AM: And then there are the sweaters. You learned knitting specifically for this project, right? I don’t think of your work as being emphatically rooted in craft (as opposed to many NW artists who have backgrounds in glass, ceramics, textiles), so I’m curious about what inspired it.
KG: I was playing with the idea of keeping warm something that is meant to be kept cold. I began to see popsicles as characters and started projecting human characteristics on them. I thought, how do we humans keep warm? We wear sweaters. Plus there is something weird about an edible object that is fuzzy - it’s a contradiction. Those two qualities - just like warm frozen foods - don’t seem to belong together. I was attracted to the idea of two opposites - two contradictory principles - existing together and making a whole. So you’re right: my knitting didn’t come from my proclivity for craft, it originated in an idea and I learned to knit out of necessity. That said, I was always attracted to wool as a raw material and have used it in my work before, but I avoided knitting. I think the reason was that my grandma, who is 93 years old, used to be a great knitter. She would knit while watching TV - it didn’t seem like she was paying too much attention to what she was doing, but she would end up with these colorful sweaters, finger mitts and hats full of patterns, deer and birds and other animals. I guess I felt I could never measure up. Now I’m happy to have learned it, even though the only thing I know how to knit so far is a popsicle sweater!
AM: Can you talk a little about the bitter-sweet cited in the show’s title? Is this an allusion to the challenges of being a mother and a serious artist at the same time, or is it more general than that?
KG: It works on both levels. This work definitely feels like an expression of my feminine side and directly reflects my domestic environment (I mean that not only as a conceptual idea, but also as a fact that I made these objects on my kitchen counter, among the daily fray of running a household, cooking, and taking care of kids). As I see it, popsicles can be read as symbols of domesticity - connected with sweetness of our childhood, but they can also be read as a sexual symbol. Their phallic shape is inherently masculine. To me it symbolizes not the feminine itself, but the nature of feminine desire. This desire - taken in a broader sense - is connected to self-fulfillment. Motherhood on the other hand is rooted in the nourishment of others and self-sacrifice. When one aspect or the other takes over - that’s where the bitterness emerges. The trick is, as always, the balance between seeming opposites.

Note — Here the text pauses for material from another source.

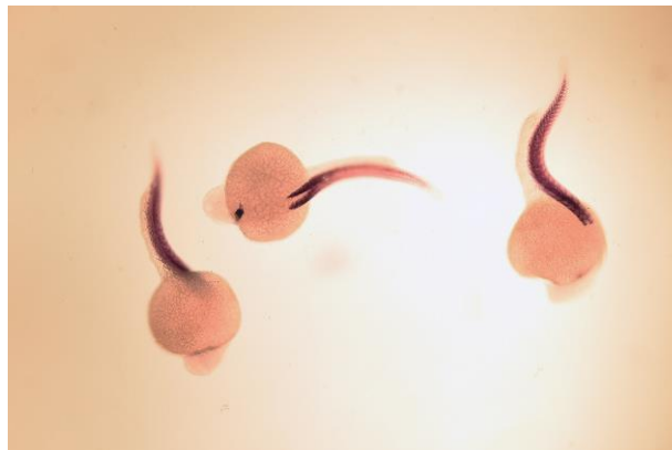
vad fenotípusú embriók

Egyetlen értéket írjon csak, ne intervallumot! ..... 1000-1600 \mu\text{m} (1 pont)

AM: Which relates to your incorporation of the I Ching and alchemical symbolism into some of the work…
KG: This ties directly to the active part of maintaining balance. It’s not just about recognizing the opposites; it is also about taking a creative, transformative action based on the knowledge of the whole. I think this is what alchemy is about: the transformation of opposite - or seemingly unrelated - principles into something new, unique and all-encompassing. The I Ching I really don’t know much about. I came across the bar symbols by chance and I really liked them - and, they were easy to knit (three full lines, three broken lines). The symbolism of “Force/ Field” seemed particularly fitting: creative force/receptive field, heaven/earth, northwest/southwest, father/mother, head/belly, strong/devoted, dragon/cow.
I don’t want to sound too serious though. My attempts at the transformation of hotness into coolness and bitterness into sweetness are fueled as much by humor (cracking myself up) as by any serious thought and deductive reasoning (that, by the way, usually comes later in the game, as part of reflection). In the end, when all is said and done, I just made a bunch of popsicles, some are sweet and all are refreshingly small!
(Klara Glosova’s Hot n’ Cool and Bittersweet opens at The Living Room this Thursday, February 10, at 6pm.)